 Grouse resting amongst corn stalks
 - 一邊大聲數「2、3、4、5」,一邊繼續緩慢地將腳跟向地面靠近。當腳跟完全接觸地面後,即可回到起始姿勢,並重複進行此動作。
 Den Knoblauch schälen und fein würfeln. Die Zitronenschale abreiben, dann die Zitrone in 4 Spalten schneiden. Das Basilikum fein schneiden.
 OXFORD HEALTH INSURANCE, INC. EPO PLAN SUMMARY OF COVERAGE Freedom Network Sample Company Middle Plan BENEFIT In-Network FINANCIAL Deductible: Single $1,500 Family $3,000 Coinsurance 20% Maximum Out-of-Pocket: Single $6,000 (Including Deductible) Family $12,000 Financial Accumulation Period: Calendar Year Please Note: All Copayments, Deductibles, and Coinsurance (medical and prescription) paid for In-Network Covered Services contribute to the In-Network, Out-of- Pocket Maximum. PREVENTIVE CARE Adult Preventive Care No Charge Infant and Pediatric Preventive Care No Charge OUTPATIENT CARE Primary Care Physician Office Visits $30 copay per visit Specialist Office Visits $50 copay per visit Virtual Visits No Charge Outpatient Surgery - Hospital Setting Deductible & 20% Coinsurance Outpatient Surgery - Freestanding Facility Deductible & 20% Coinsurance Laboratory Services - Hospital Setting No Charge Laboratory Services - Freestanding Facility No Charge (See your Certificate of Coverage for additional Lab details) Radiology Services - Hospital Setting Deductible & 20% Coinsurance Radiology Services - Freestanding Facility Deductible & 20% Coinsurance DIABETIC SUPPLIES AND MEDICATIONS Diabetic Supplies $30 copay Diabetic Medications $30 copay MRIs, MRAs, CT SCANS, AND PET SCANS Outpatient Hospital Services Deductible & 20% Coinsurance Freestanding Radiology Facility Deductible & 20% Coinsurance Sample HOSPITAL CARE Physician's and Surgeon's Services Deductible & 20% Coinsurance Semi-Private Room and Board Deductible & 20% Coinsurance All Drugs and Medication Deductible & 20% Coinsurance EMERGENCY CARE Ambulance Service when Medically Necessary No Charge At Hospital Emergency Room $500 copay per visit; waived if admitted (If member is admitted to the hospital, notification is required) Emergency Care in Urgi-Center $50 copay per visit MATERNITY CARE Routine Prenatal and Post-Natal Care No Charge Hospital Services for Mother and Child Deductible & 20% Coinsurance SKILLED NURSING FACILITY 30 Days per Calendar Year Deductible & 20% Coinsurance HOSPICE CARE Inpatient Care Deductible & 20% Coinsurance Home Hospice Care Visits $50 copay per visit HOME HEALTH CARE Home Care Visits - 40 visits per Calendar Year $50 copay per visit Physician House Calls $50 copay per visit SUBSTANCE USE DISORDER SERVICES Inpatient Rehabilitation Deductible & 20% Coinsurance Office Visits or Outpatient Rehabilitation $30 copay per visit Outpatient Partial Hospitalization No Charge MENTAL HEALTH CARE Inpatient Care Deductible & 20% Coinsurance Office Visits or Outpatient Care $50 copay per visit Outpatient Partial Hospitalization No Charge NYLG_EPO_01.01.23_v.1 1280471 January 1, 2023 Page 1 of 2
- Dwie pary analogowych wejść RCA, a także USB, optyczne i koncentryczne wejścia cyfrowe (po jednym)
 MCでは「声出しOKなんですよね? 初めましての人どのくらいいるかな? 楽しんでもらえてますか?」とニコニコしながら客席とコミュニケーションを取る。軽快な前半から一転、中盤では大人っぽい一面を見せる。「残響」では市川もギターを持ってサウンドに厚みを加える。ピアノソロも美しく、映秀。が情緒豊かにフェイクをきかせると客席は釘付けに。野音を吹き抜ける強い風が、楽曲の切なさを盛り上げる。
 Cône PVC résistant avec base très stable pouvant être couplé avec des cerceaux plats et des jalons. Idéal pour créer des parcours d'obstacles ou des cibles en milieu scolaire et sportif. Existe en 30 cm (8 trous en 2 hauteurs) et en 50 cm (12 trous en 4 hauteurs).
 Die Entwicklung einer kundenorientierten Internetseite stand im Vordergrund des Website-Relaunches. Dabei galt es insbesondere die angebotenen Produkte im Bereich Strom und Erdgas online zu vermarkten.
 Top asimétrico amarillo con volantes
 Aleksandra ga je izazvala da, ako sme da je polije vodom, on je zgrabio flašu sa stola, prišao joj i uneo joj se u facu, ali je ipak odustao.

____________

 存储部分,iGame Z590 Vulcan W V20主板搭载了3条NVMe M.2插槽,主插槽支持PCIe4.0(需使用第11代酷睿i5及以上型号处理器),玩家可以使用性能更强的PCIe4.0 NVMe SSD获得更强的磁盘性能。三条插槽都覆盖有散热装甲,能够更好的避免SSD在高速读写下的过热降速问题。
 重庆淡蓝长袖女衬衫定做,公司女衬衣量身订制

____________

> **Requirement**: Begin at the line above that has "Grouse resting amongst corn stalks" and stop after the line that has "Den Knoblauch schälen", copying each line exactly and adding nothing else.

> **Answer box**:
 Grouse resting amongst corn stalks
 - 一邊大聲數「2、3、4、5」,一邊繼續緩慢地將腳跟向地面靠近。當腳跟完全接觸地面後,即可回到起始姿勢,並重複進行此動作。
 Den Knoblauch schälen und fein würfeln. Die Zitronenschale abreiben, dann die Zitrone in 4 Spalten schneiden. Das Basilikum fein schneiden.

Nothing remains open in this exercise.